On the arrival at the home of Ames' parents. Beth gets an early shock. The family butler is none other than her Uncle Harry. They both dissemble. Further complications arise over the sudden arrival of the Duke of Castor Royal and his wife. Uncle Harry recognizes in the latter his own divorced wife, and he discovers that the bogus duke is his cousin.

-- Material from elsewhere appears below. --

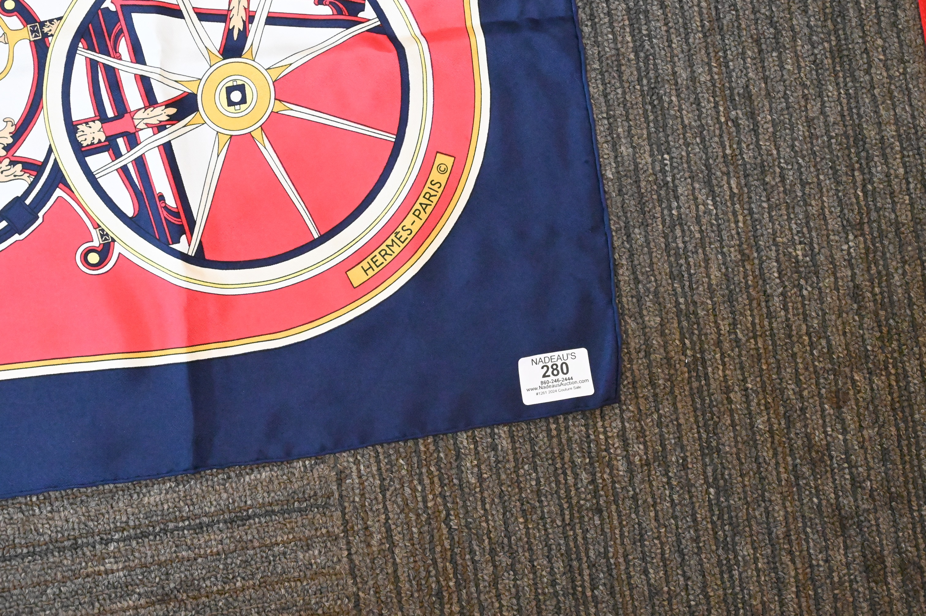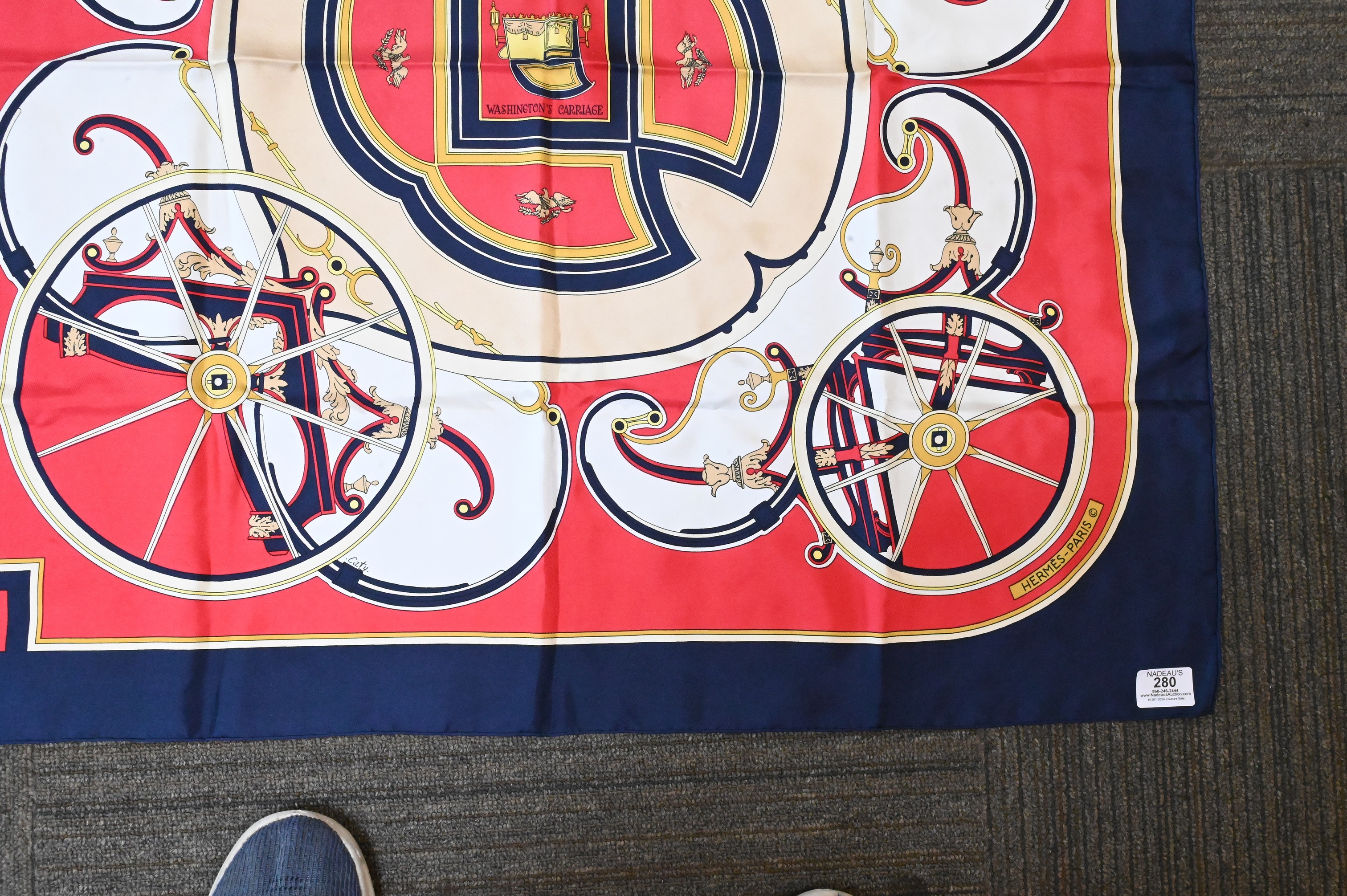 Lot 280: Hermes Paris “Washington’s Carriage” Silk Scarf

Beth is caught kissing Uncle Harry by one of the servants. They lock up this servant and make a prisoner of the bogus duke. Two detectives, who are seeking evidence in connection with the various parties concerned, take a hand in matters. Dick Irving, a former lover of Beth, is trying to help her in the midst of these difficulties. He falls into the large Roman pool and the butler later follows suit. When explanations finally occur, it develops that Uncle Harry is really the Duke of Castor Royal and that the title was falsely assumed by his cousin, who thought him dead

==Cast==
- Eileen Percy as Beth Rupert
- Herbert Heyes as Kingdom Ames
- Philo McCullough as Dick Irving
- Jack La Reno as K. Ames
- Rose Dione as Mrs. K. Ames
- Harry Dunkinson as Butler
- Bertram Johns as Duke of Downcastle
- Herschel Mayall as Lord Landsmere
- Sylvia Ashton as Mrs. Jane Horton-Kemp
- Earl Crain as Mr. Scanlon

==Reception==
A contemporary review in The Moving Picture World was negative, claiming that the film lacked suspense and humor. A review in the Fresno Morning Republican was more positive, calling it "a farce that will cause you to hold your ribs to keep them from splitting".